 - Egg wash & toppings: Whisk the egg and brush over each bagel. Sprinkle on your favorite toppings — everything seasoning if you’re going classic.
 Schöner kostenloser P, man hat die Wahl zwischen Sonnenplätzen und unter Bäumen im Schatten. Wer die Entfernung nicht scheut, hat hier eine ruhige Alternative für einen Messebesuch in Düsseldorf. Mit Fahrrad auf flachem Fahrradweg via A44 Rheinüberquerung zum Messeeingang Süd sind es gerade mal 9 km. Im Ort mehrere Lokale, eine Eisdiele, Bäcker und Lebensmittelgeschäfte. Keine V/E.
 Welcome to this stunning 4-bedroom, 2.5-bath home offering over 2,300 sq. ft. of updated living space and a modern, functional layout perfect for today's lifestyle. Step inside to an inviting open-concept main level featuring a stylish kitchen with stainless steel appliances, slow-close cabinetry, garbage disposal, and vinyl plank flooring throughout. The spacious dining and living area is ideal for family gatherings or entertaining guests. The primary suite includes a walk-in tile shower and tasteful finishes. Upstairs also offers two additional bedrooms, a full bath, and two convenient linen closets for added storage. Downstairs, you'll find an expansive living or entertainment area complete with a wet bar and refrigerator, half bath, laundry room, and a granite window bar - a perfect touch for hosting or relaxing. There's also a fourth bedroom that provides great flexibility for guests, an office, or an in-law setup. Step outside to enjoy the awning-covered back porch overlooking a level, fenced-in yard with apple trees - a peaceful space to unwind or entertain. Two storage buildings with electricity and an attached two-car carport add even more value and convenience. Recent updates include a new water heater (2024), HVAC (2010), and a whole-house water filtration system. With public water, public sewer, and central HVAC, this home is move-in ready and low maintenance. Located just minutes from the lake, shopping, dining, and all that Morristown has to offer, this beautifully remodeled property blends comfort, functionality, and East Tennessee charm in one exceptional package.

TO DO: Exact copies of the lines from the start of the data up to the line holding "Schöner kostenloser P, man", both included, are all that is needed.

ANSWER SPACE:
 - Egg wash & toppings: Whisk the egg and brush over each bagel. Sprinkle on your favorite toppings — everything seasoning if you’re going classic.
 Schöner kostenloser P, man hat die Wahl zwischen Sonnenplätzen und unter Bäumen im Schatten. Wer die Entfernung nicht scheut, hat hier eine ruhige Alternative für einen Messebesuch in Düsseldorf. Mit Fahrrad auf flachem Fahrradweg via A44 Rheinüberquerung zum Messeeingang Süd sind es gerade mal 9 km. Im Ort mehrere Lokale, eine Eisdiele, Bäcker und Lebensmittelgeschäfte. Keine V/E.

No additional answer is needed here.